- Supplied records
^^^^

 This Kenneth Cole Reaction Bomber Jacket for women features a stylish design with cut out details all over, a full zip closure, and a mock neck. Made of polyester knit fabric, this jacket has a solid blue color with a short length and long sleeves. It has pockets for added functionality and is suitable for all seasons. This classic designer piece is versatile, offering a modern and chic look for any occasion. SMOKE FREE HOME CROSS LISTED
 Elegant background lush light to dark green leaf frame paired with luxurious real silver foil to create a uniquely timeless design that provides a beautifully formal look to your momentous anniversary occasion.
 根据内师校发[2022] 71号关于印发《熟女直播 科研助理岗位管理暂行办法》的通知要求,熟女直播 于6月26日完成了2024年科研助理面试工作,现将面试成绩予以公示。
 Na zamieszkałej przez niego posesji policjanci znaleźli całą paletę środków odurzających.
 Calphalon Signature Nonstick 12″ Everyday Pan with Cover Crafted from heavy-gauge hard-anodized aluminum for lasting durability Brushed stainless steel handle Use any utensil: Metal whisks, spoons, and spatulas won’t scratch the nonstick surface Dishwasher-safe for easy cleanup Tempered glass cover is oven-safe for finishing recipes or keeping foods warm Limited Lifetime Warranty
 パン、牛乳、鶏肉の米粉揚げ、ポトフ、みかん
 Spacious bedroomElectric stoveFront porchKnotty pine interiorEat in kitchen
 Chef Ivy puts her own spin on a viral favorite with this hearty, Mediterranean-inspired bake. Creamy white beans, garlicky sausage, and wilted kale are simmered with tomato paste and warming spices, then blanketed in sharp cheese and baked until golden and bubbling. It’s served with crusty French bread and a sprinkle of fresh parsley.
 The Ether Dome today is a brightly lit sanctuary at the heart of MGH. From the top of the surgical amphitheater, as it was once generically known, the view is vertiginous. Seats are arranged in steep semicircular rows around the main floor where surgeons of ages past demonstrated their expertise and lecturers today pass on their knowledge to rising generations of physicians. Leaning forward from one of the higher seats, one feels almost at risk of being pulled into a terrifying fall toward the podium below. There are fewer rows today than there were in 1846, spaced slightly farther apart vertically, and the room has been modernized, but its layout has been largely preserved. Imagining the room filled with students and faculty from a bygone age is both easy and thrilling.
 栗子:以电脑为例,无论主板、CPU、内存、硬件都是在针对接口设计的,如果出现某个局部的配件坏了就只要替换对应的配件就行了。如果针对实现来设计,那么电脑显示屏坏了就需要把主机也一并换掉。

^^^^

- Problem to work on
Work out the number of lines in the listing above that hold the word "look". Write that number by itself.

- Result below
2